*GIVEN DATA*
▼▼▼
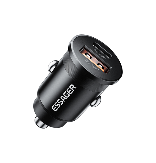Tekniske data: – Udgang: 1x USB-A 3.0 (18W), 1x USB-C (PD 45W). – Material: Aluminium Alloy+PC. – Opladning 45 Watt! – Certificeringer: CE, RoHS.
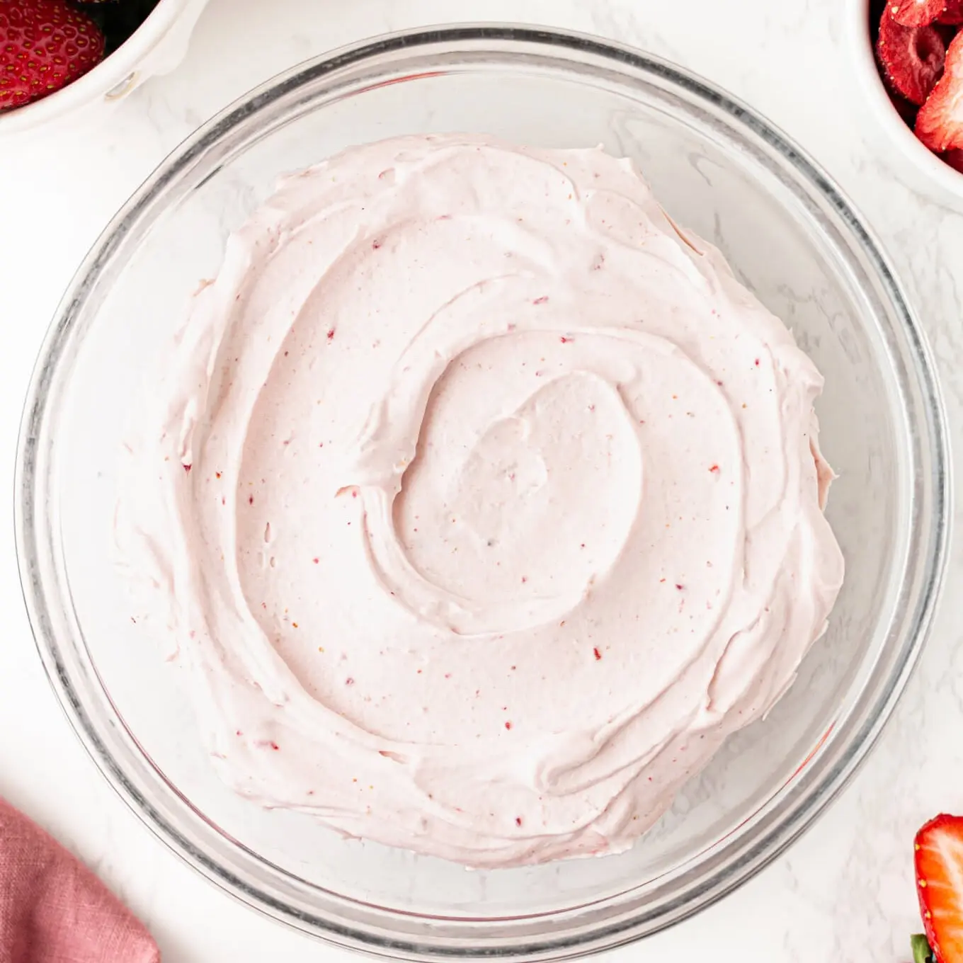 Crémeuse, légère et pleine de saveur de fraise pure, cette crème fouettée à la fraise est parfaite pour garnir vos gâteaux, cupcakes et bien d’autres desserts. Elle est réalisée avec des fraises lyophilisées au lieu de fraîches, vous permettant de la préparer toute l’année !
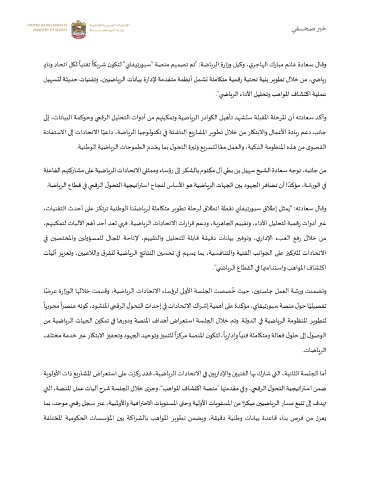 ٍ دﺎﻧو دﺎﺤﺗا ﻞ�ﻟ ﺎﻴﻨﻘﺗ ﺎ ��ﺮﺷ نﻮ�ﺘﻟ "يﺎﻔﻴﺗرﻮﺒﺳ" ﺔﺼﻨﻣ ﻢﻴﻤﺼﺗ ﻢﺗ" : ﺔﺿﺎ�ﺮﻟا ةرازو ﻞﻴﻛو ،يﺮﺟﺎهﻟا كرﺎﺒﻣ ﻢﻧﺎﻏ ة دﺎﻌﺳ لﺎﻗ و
▲▲▲
*TO DO*
An exact reproduction of the data above is required, with every picture removed.

*RESULT*
Tekniske data: – Udgang: 1x USB-A 3.0 (18W), 1x USB-C (PD 45W). – Material: Aluminium Alloy+PC. – Opladning 45 Watt! – Certificeringer: CE, RoHS.
 Crémeuse, légère et pleine de saveur de fraise pure, cette crème fouettée à la fraise est parfaite pour garnir vos gâteaux, cupcakes et bien d’autres desserts. Elle est réalisée avec des fraises lyophilisées au lieu de fraîches, vous permettant de la préparer toute l’année !
 ٍ دﺎﻧو دﺎﺤﺗا ﻞ�ﻟ ﺎﻴﻨﻘﺗ ﺎ ��ﺮﺷ نﻮ�ﺘﻟ "يﺎﻔﻴﺗرﻮﺒﺳ" ﺔﺼﻨﻣ ﻢﻴﻤﺼﺗ ﻢﺗ" : ﺔﺿﺎ�ﺮﻟا ةرازو ﻞﻴﻛو ،يﺮﺟﺎهﻟا كرﺎﺒﻣ ﻢﻧﺎﻏ ة دﺎﻌﺳ لﺎﻗ و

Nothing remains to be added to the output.